It was a bit of a mixed day for financial markets yesterday with further positive news on some trade concerns coming at the same time as other trade policies impact the markets. Currency moves were once again heavily influenced by sentiment, further positive news on a Brexit deal hit the markets with talk now of a special summit as early as November to sign the deal, this helped to support the pound through a whippy trading day. There was also progress on the Nafta front with President Trump confident that a deal can be arranged, this helped the Loonie drive higher during the North American session and dialogue is expected to push forward from here.
Oil shot higher through yesterday’s trading as Hurricane Florence looks set to disrupt the US gasoline markets and the impact of US sanctions on Iran hits their exports. US stock markets and yields pushed higher as data continued to surprise to the topside, this time small business confidence and job openings pushed helped the gains with the 10 year treasury yields once again within touching distance of 3%.
The perfect storm appears to be building for emerging markets currencies with some pairs sitting at very vulnerable levels having already broken to historic lows. We’re seeing a strong US economy push Fed rate hike expectations higher at the same time as it’s international policy puts pressure on global trade, once you throw a rising Oil price into the equation when many of these economies are importers, then the stage is set for some potentially nasty moves. Investors will continue to monitor the situation carefully over the coming weeks with contagion fears still prevalent.

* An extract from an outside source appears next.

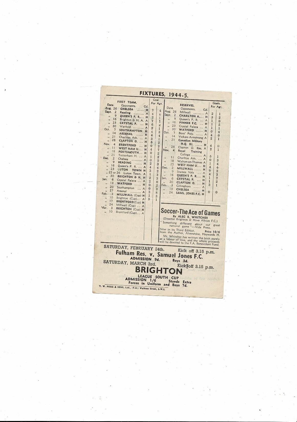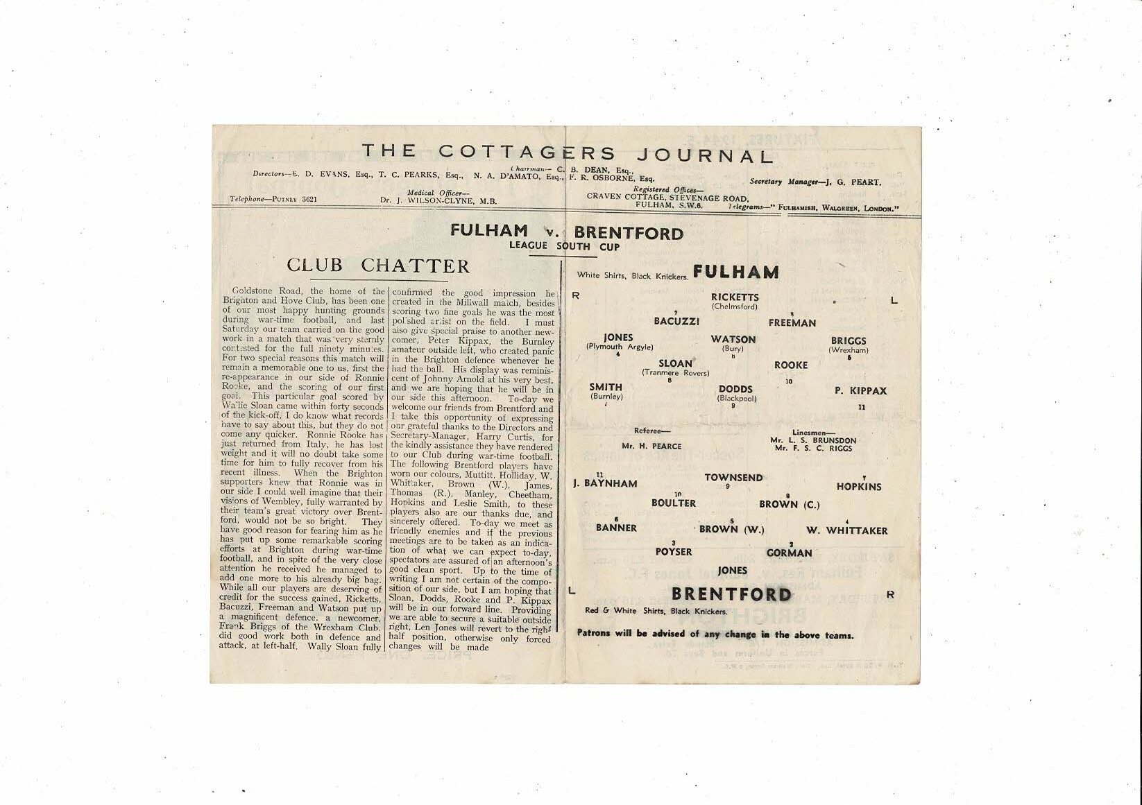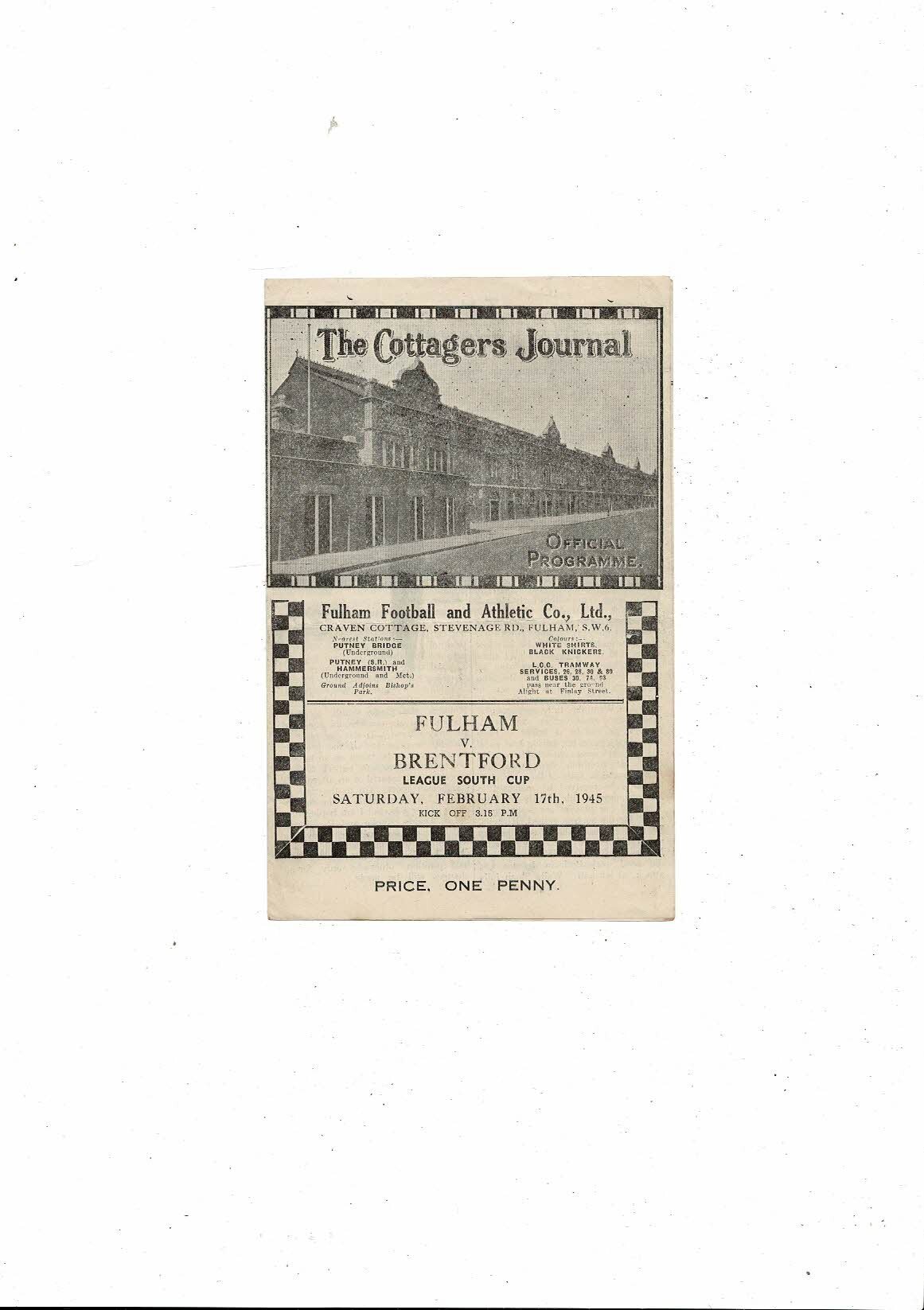 1944/45 Fulham v Brentford League South Cup Football Programme

Looking ahead to today’s trading and Asian markets will open with a cautiously optimistic tone with the usual follow on from an upbeat US session expected to be tampered by the underlying global trade concerns and fragile emerging markets. Sentiment is once again set to dominate flows and with little in the way of fundamental economic data releases due until US PPI and Crude Oil Inventories later in the day, investors will be monitoring the news wires closely as we move through the trading day.